→ **Information shown**:
════
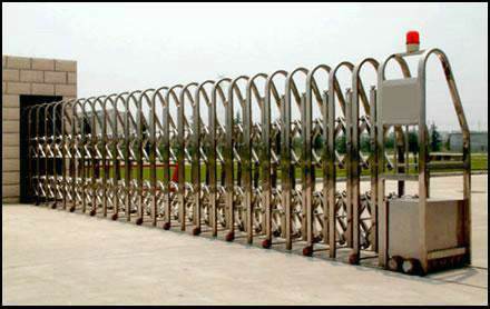 •   石家莊伸縮門(Retractable door),就是門體可以伸縮自由移動,來控制門洞大小、來控制行人或車輛的攔截和放行的一種門。伸縮門主要由門體、驅(qū)動電機,滑道、控制系統(tǒng)構(gòu)成。   門體采用優(yōu)質(zhì)不銹鋼及鋁合金專用型材制作,采用平行四邊形原理鉸接,伸縮靈活行程大。驅(qū)動器采用特種電機驅(qū)動,蝸桿蝸輪減速,并設(shè)有自動離合或手動離合器,自動離合停電時可自動啟閉,手動離合停電時可手動啟閉,控制系統(tǒng)有控制板,按鈕開關(guān),另可根據(jù)需求配備無線遙控裝置??膳鋫錆L動顯示屏,顯示300-500字的顯示內(nèi)容。還可配備智能紅外線探頭防碰撞裝置,遇人或異物20-30CM可自動返回運行,從而保障車輛及行人的安全。
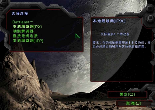 3.然后选择本地局域网(IPX)或者本地局域网(UDP),建议选择前者,需要在电脑上安装IPX协议。
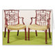 Chippendale Mahagonibaum, der Stühle im chinesischen Geschmack, in den Spitzenschienen übergestiegen durch einen ducal Coronet und im griffon Wappen, c.1760 gelegen am Wien Museum Karlsplatz, Wien, Österreich speist.
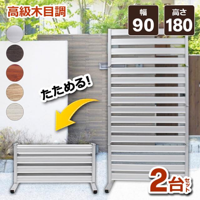 2台セット ALMAX アルマックス オレフェンス 【特許取得】 アルミ たためる フェンス 幅90×高さ180 木目調 ラティス DIY OF-0918
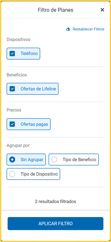 En la esquina superior derecha, se pueden Filtrar los planes de acuerdo con las necesidades del aplicante. Los agentes de ST podrán ordenar la información por Dispositivos, Beneficios, Precios y opciones de agrupación.
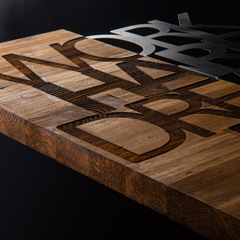 <li>Κατασκευασμένο από ξύλο πεύκου υψηλής ποιότητας (3cm) με την έκφραση να είναι κατασκευασμένο από μέταλλο σε μαύρο χρώμα (1.2mm).</li>
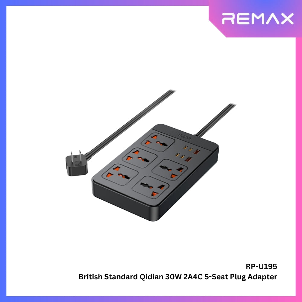 REMAX - RP-U195 British Standard Qidian 2A4C 5-Seat Plug Adapter ( 30W, 2A4C | 5AC ) Description...
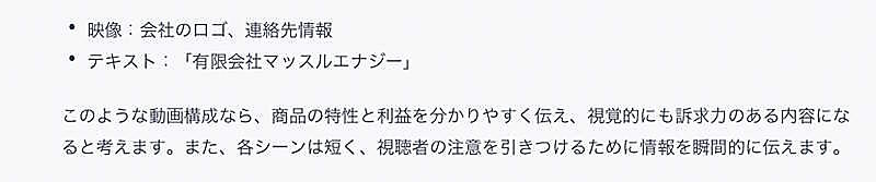 以下はGPT-3.5の出力例です。この情報をベースに、各種プロモーションの文章作成やアイデア出しを進めることができます。では、今回はまず初めにショート動画の構成案を提案してもらいましょう。
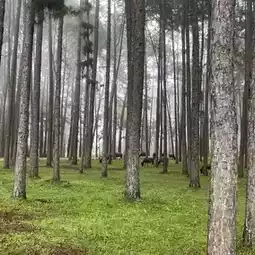 Green pine forest with a herd of buffalo walking to graze in the middle of the pine forest
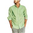 Long Sleeve Cotton Linen Shirt Men's Casual Polo Collar Green XL
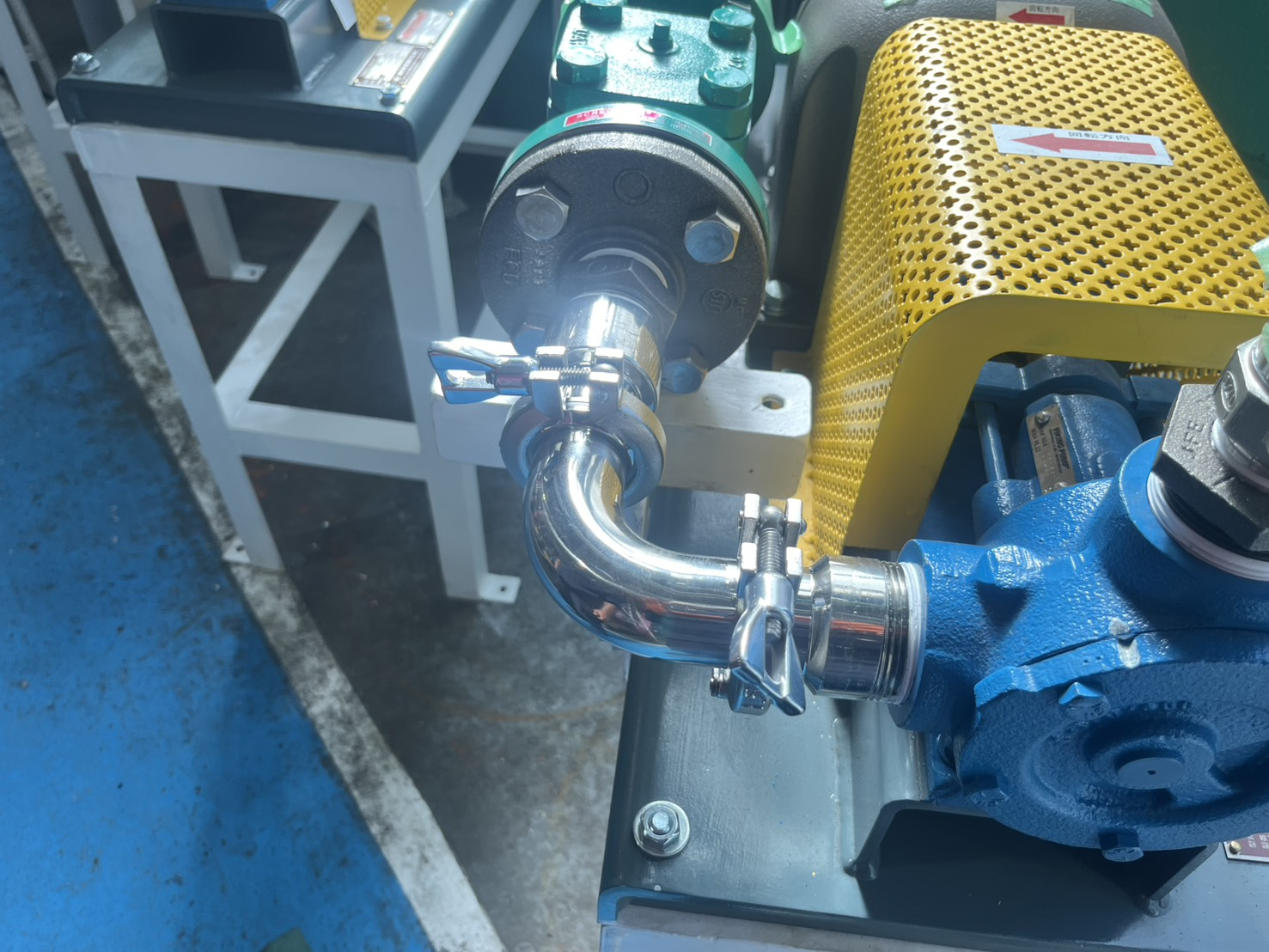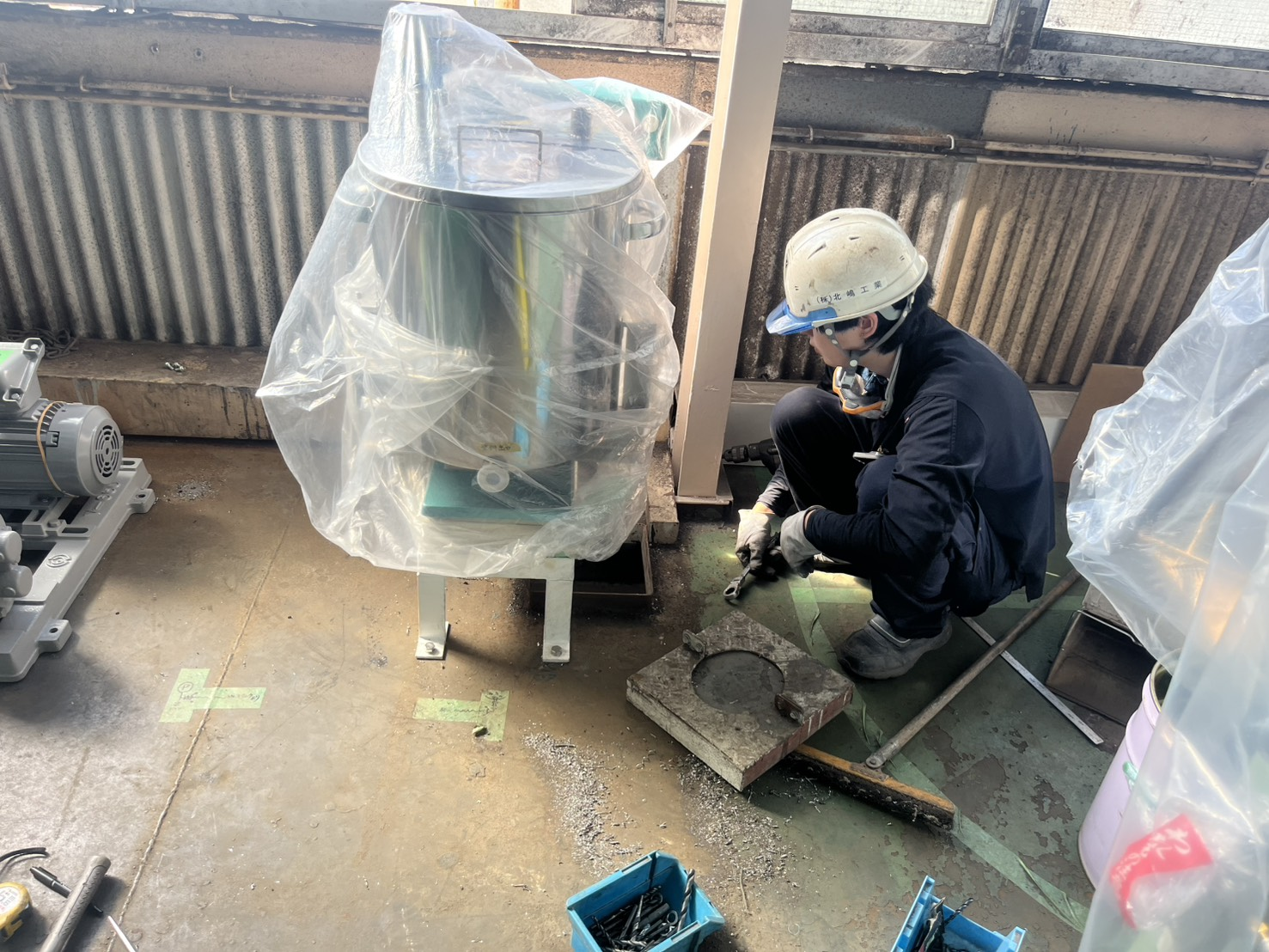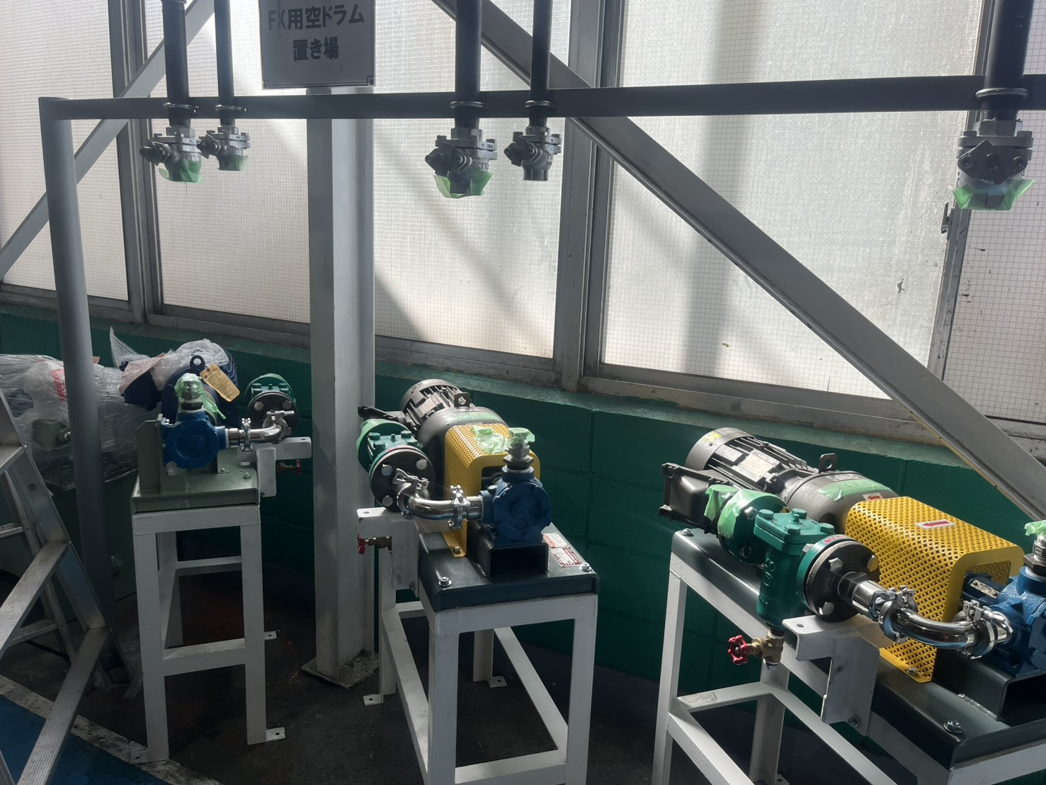 溶剤配管の製作・取付に加え、モーターポンプの設置工事を行ないました。 各設備の位置関係を確認しながら施工しています。
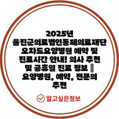 2025년 울진군의 의료진과 진료 시간을 오늘 바로 확인해 보세요.
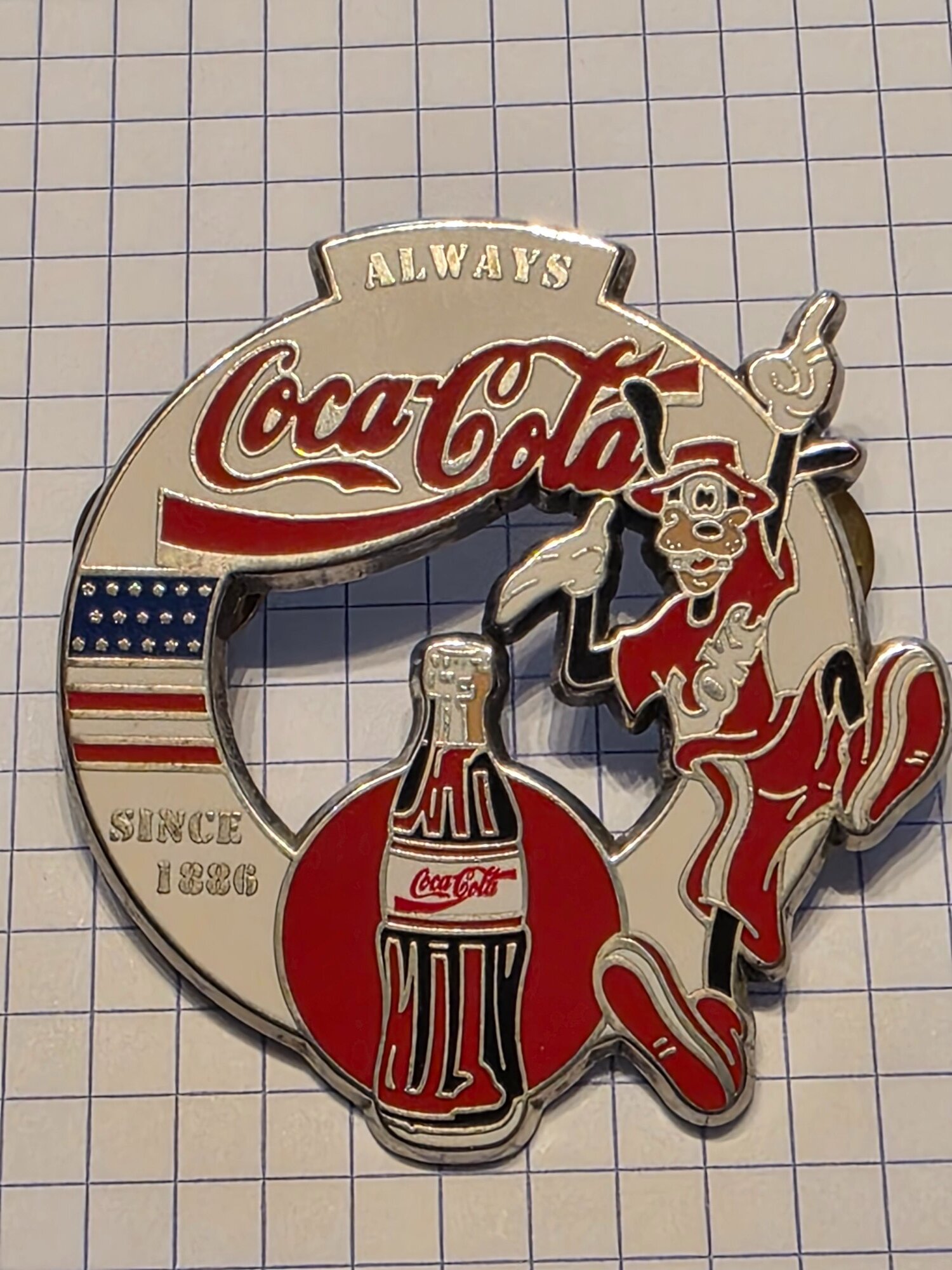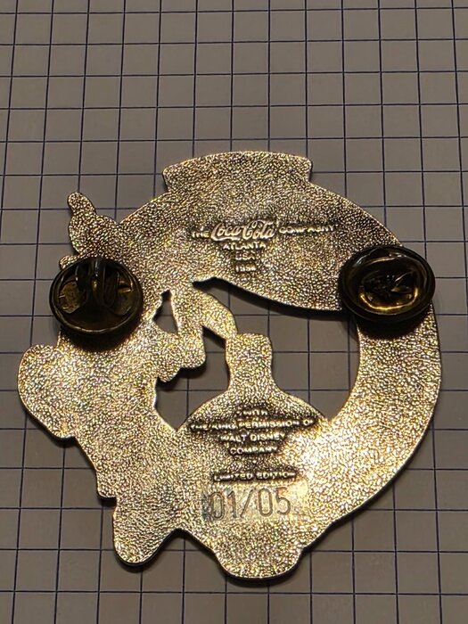 Hi, everybody. I am looking for information regarding this oversized 3D-style pin featuring Goofy in a 90s streetwear outfit (bucket hat and "Coke" t-shirt). Key Features: • Front: Features the "Always Coca-Cola" logo, a contour bottle, and the American flag. Text: "Since 1886". • Backstamp: * "The Coca-Cola Company - Atlanta, USA" • "With permission of Walt Disney Company" • Limited Edition: 01/05 (Engraved) • Backing: Double rubber/clutch back. • Condition: Excellent / Near Mint. Question: Due to the extremely low edition size (Only 5 pieces worldwide), I haven't been able to find this pin in any standard database (PinPics/PinStack). Is this an Executive Gift, a Prototype, or a Special Event trophy from the mid-90s? Any help with its history or estimated value for insurance/sale would be greatly appreciated. -
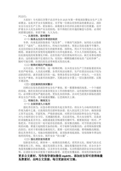 / 在全乡2025年第一季度消防暨安全生产工作部署会上的讲话
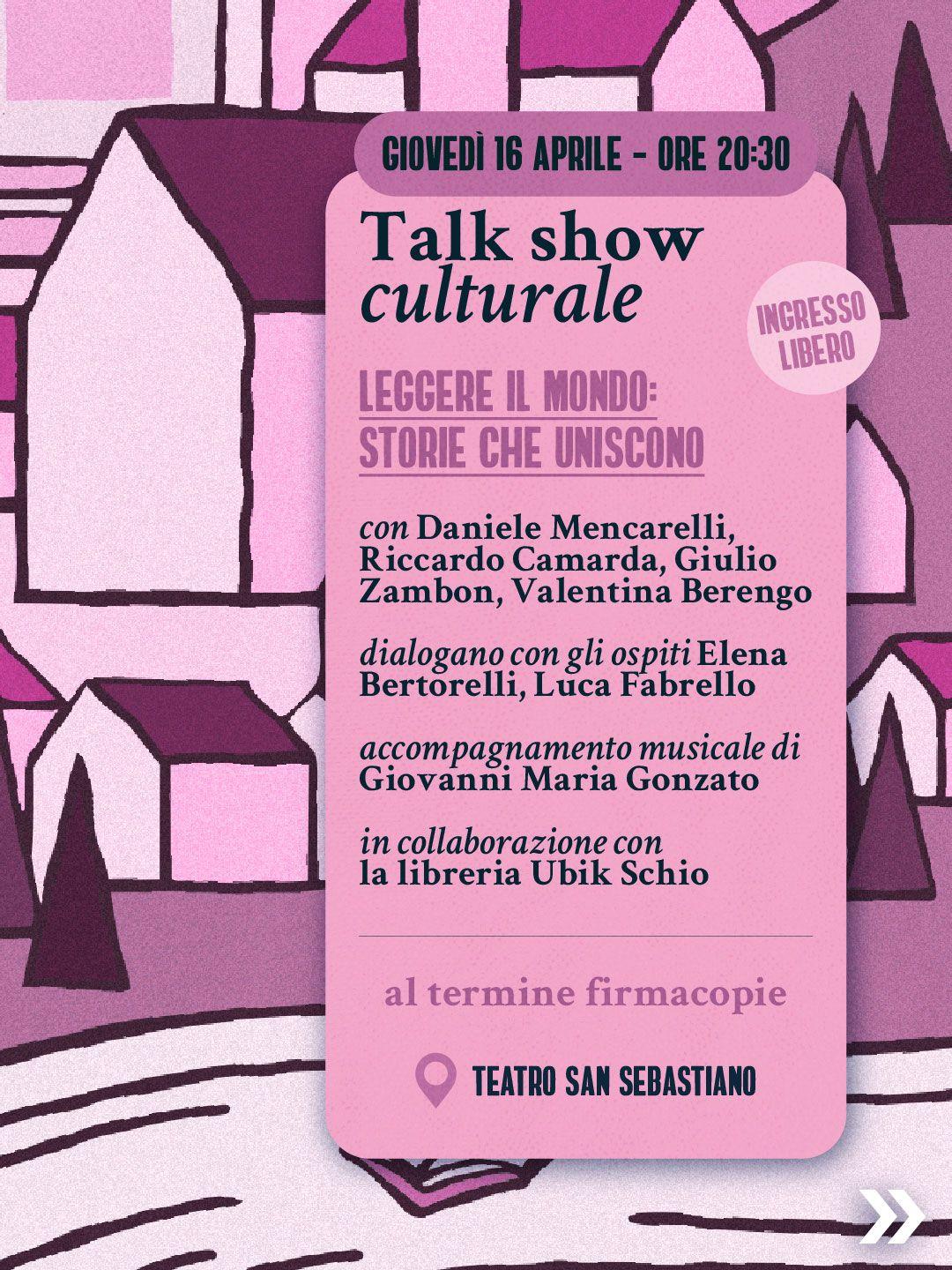 - Giovedì 16 aprile dalle ore 20:30 "Talk Show Culturale"
════
→ **Try it**:
Only one thing is wanted here, an exact copy of the lines from the first line above through the line containing "3.然后选择本地局域网(IP", minus any picture.

→ **Answer for the task**:
 •   石家莊伸縮門(Retractable door),就是門體可以伸縮自由移動,來控制門洞大小、來控制行人或車輛的攔截和放行的一種門。伸縮門主要由門體、驅(qū)動電機,滑道、控制系統(tǒng)構(gòu)成。   門體采用優(yōu)質(zhì)不銹鋼及鋁合金專用型材制作,采用平行四邊形原理鉸接,伸縮靈活行程大。驅(qū)動器采用特種電機驅(qū)動,蝸桿蝸輪減速,并設(shè)有自動離合或手動離合器,自動離合停電時可自動啟閉,手動離合停電時可手動啟閉,控制系統(tǒng)有控制板,按鈕開關(guān),另可根據(jù)需求配備無線遙控裝置??膳鋫錆L動顯示屏,顯示300-500字的顯示內(nèi)容。還可配備智能紅外線探頭防碰撞裝置,遇人或異物20-30CM可自動返回運行,從而保障車輛及行人的安全。
 3.然后选择本地局域网(IPX)或者本地局域网(UDP),建议选择前者,需要在电脑上安装IPX协议。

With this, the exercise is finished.